Actually, I've nothing particular against barbarians and philistines. I'm sure I've some barbarous and philistine characteristics of my own. I just want to draw attention to the fact that – in Britain anyway – striving for personal improvement doesn't seem to have been installed along with inside plumbing, as was hopefully expected. Indeed, with hindsight, the benefits claimed for compulsory schooling have proven as illusory as the banishing of 'want, disease, ignorance, squalor and idleness' through broad implementation of the 1942 Beveridge report on welfare.
It says something about our capacity for blind tenacity that despite education's obvious failure, every government still holds it up as a panacea. There's no ill, apparently, out of which we cannot be educated: education for jobs; education for health; education for relationships; education against teenage pregnancy; education against intolerance; education against discrimination. Those in power cling to the tatters of the educational dream because there's little else to cling to. Yet education's results – joblessness, obesity, hopelessness, greed, drug addiction, child neglect, intolerance, celebrity culture, mindless consumerism – serve only to increase our disillusion.

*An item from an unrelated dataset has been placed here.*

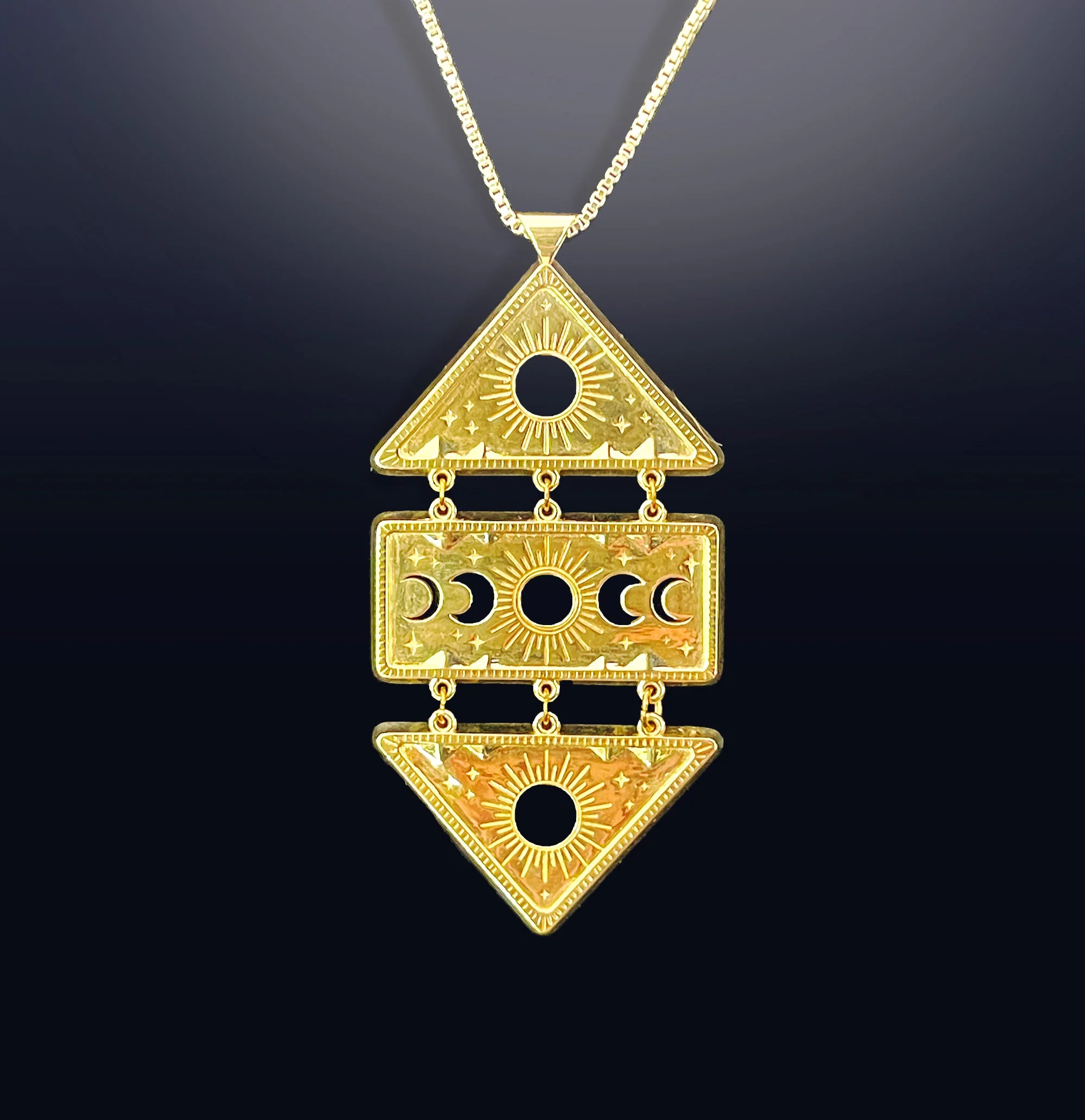 Incorporating elements from the sun and the rich history of ancient Egypt, the Trinitas Moon Phase Pendant Necklace within the Selene Collection weaves together three intricate parts, combining the mystique of the pyramids with the enchanting sun. Each pendant is crafted with meticulous attention to detail, resulting in a breathtaking union of contemporary craftsmanship and enduring grace.

Gosh! How bleak! And it's not all bleak. On balance, I'd rather have unsatisfactory social reforms and a bit of disillusion than no social reforms and Dickens's blacking factory. But we need a new narrative. Perhaps the transformation of education will be part of this narrative, with new Aristotles managing to sell self-improvement through learning as something joyful and desirable. Through his 'dream school', perhaps Jamie Oliver will reflect the idea of virtue and goodness as fine educational aspirations, not junk to be mocked. If he can stop the condemnation as 'elitist' (now a pejorative word) of those who prefer 'Don Giovanni' to 'Celebrity Come Dancing' he would deserve a knighthood. If he felt able to condemn the weary denigration of Eton, surely a school of which Britain should be extremely proud, he would be the true heir of New Lanark.
Our generation may be shaped by disillusion, but the next generation will be shaped by something different again, perhaps by an uncomfortable twinning of anger and gratification. I was struck last weekend at the juxtaposition of the young protesters furious about the world we've bequeathed them and the queues, also predominantly youthful, snaking round the Apple shop waiting for up to 11 hours to grab the iPad 2. The new iPad will be here for months, at least until usurped by the iPad 3. However, there's a new kind of virtue in getting a new gadget first, even whilst marching in outrage at the consumerism and globalisation that produced it.
Amongst those contradictory young people, I hope there is an enterprising journalist who, as Kenneth Roy suggests, might with 'energy and curiosity' interview 23 prominent Scots born after the second world war to see if my thesis on disillusion holds good. I'd do it myself, only disillusion is quite tiring and 23 doses of it might prove terminal.